China has been a bottom feeder in the global economy. Keeping costs low and making labour-intensive products have brought it safety and growth. Australia, Brazil and Russia sell natural resources to China in return for cheap manufactured goods. Japan and Germany sell expensive cars and technology to China in exchange for cheap manufactured goods. And America just hands over dollars for goods and services, and gets them back by selling derivatives like collateralised debt obligations, backed by inflated US house values, to foreigners.
The global economy has run like a motorcycle, with American consumption as one wheel and China's savings as the other, with everyone else piled up on top. The sustainability of this world depended on foreigners believing in the Wall Street debt instruments that paid for America's imports while keeping inflation at bay. Inflation came three years ago with surging oil prices. The tightening that accompanied it burst the US property bubble in 2006. It took another year for the subprime market, and still another for financial derivatives, to blow up. The resulting crisis has destroyed Wall Street's credibility. The motorcycle economy has fallen over.
The US now offers the world, in particular China, a plan for recovery: you buy my treasuries, Uncle Sam gives the proceeds to American people to spend, and your exports and your economies may recover. The recovery plan tries to put the motorcycle economy back on its wheels by replacing American households with the federal government.
Accepting this offer is not in China's best interests. First, the plan may bring modest growth for a few years but will be followed by another, bigger crisis centred on the US treasury market. Second, instead of taking America's offer, China can start attracting investment as part of its trade-led development model. In short, it can start competing with the US for money rather than just rasing dollars by selling goods to the US.

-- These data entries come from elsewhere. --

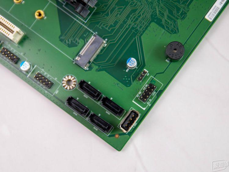 在主板的右下角,还设计有4个SATA接口,这里还预留了个USB接口,在USB接口的上方,是前置开关接口的连接插座。再往上一点,就可以看到蜂鸣器,这个可是非常实用的东西,有问题可以通过蜂鸣器的警报声来判断分辨,这样解决问题的效率就会有所提高。
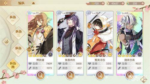aoe(助战还可以带一个)负责清小怪,佛跳墙的话可以眩晕提供容错率(主要是因为我就这一个)鱼香肉丝先手控制(满破或者加一点效果命中),蟹黄汤包加回合提供debuff,腊味合蒸主要负责加回合(效果命中装备主要给他),鱼香肉丝和腊味合蒸是必要的
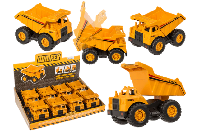 Construction Vehicle Dumper Truck – 12 cm egner sig både til indendørs og udendørs leg. Den fungerer lige godt på gulvet i stuen som i sandkassen i haven. De store hjul giver et stabilt greb, så dumperen nemt kan køre over ujævne overflader.

China has been attracting foreign capital for some time. But this has been mainly to improve its production capacity, especially in the export sector. The new strategy calls for foreign capital to fund China's capital formation in anticipation of earning profits from richer Chinese consumers in the future. It would help China to shift its economy to consumption without sacrificing growth.
China is in a good position to replace the US as the centre for globalisation: with little debt, enormous savings, and its sheer size, its growth potential is vast. Current per capita income of US$3,300 could be raised to US$10,000 within two decades through a combination of growth and currency appreciation. At the same time, gross domestic product could rise from today's US$4.3 trillion to US$13 trillion in today's dollar terms. Such an increase would offer plenty to investors who bet on China's future. This is why China can succeed in changing its growth model.

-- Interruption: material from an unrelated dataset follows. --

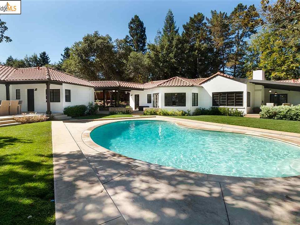 This 1941 Lafayette estate originally served as the cornerstone for what is now known as Sky Hy Ranch. This custom, Spanish-style residence was originally built for Federal Judge O.D. Hamlin. This historical property is truly unique for the area and features classical architectural design rarely found in Contra Costa County. The main residence is comprised of a 3 bedroom + executive study/3 bath, 3151 sq. ft. one story main house plus an attached 1 bedroom/1 bath, 292 sq. ft. guest house and a 2 bedroom/.5 bath, 375 sq. ft. cabana, all connected by covered esplanade. The rare, extremely large, flat lot on the top of a hill boasts extensive gardens and a pool as well as hilltop views of Lafayette.Interior features of the main home include a grand living room with open-beamed ceiling and a stunning floor to ceiling progressively stacked brick fireplace, beautiful dark hardwood floors and amazing natural light through French doors and picture windows. Nearby, the octagonal executive library has a fireplace, built-in shelving and desk, and true wet bar. The expansive formal dining room attaches to a spacious kitchen, which includes a breakfast nook and walk-in pantry. The master retreat encompasses a walk-in closet, along with a separate changing room and closet, and bath with stall shower and tub. The two additional, large bedrooms each feature en suite full bathrooms, one with attached sitting room. Located down a large private driveway, the property is quiet and set apart from neighbors. Exterior highlights include a covered dining patio with fireplace, large entertaining deck off kitchen with bench seating, meandering paths through enchanting gardens, mature Redwood and Magnolia trees, level lawn and pool. A Spanish tile roof complements the impressive exterior. In addition, there is an oversized 3-car garage with two attached storage/work rooms. Sky Hy Ranch is a private gated community of 29 homes surrounded by rolling hills and grazing cattle. The neighborhood is known for its pristine setting, picture-perfect views, community greenbelt and mini-park. Conveniently located minutes from both downtown Lafayette and Rheem, it has easy access to shops, restaurants and commute routes, and feeds to award-winning Lafayette Elementary School, Stanley Middle School and Campolindo High School. We encourage you to explore all that this one-of-a-kind home, property and neighborhood have to offer! Neighborhood Description Sky Hy Ranch is a private gated community of 29 homes surrounded by rolling hills and grazing cattle. The neighborhood is known for its pristine setting, picture-perfect views, community greenbelt and mini-park. Conveniently located minutes from both downtown Lafayette and Rheem, it has easy access to shops, restaurants and commute routes, and feeds to award-winning Lafayette Elementary School, Stanley Middle School and Campolindo High School.

To engineer the transition, China must create a first-world environment for capital flow and pursue an aggressive urbanisation strategy to anchor domestic consumption. First, China should fix a date, preferably within five years, for floating the yuan; that is, forgoing accumulating foreign exchange reserves, and making the capital account freely convertible.

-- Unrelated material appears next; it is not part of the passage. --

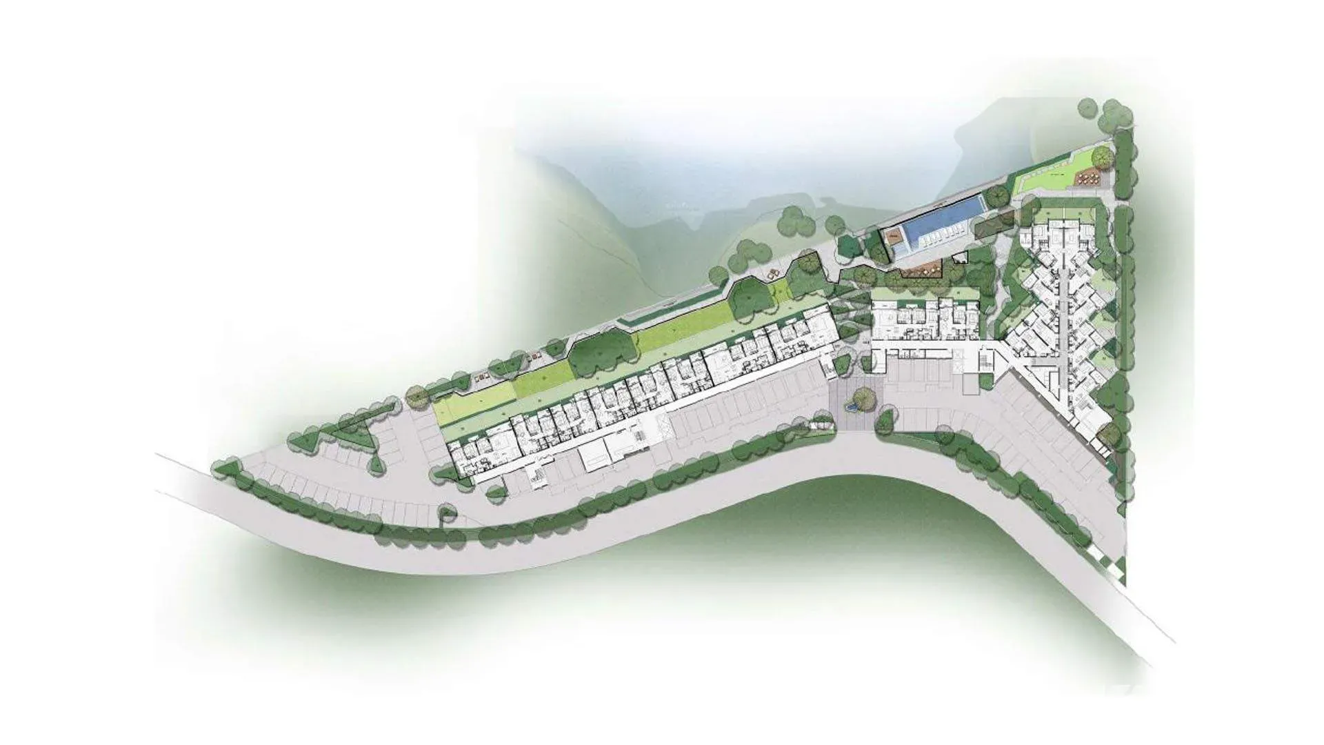 Аэро-план территории Кассия Пхукет с бассейнами и зеленью

Such a change would require the economy to modernise in many ways. As money could travel freely, only a first-world environment for investment would attract and keep money at home. The rule of law would need to be strengthened enormously to make the new system viable. A corollary is that arbitrary administrative power would have to be severely limited. Fixing a date for currency convertibility would be similar to joining the World Trade Organisation a decade ago: it would set in motion a new wave of reforms.
Second, as China succeeds in attracting foreign money, it must have a strategy to turn it into efficient economic growth. Otherwise, the money would be used for blowing bubbles, which could bring down the country. The anchor for domestic demand must be urbanisation. To become a developed country in two decades, China must aim to increase its urbanisation to 75 per cent by then. Moreover, urbanisation must be viable in the long run; the system needs to change so that migrant workers become rooted in cities.
China's urbanisation strategy should focus on building 30 mega-cities of more than 20 million residents each. These cities would have the right to issue bonds to fund their development. Because they would have the size for economies of scale in building infrastructure, protecting the environment, and creating jobs, they would have tax revenues to pay off their bonds. When money was plentiful, they would have easy financing and could accelerate urbanisation. When money was scarce, they would face high funding costs and could slow down in response. Basically, China should turn its urbanisation into a sponge for global capital. Shifting the rural population into big cities is the only way for the nation to modernise.
The global financial crisis is casting a shadow over globalisation. Developed economies may resort to protectionism to keep jobs at home, leading to a vicious cycle of recession and more protectionism. China is in a position to carry the baton for globalisation. This is a unique chance to become a developed nation in a generation.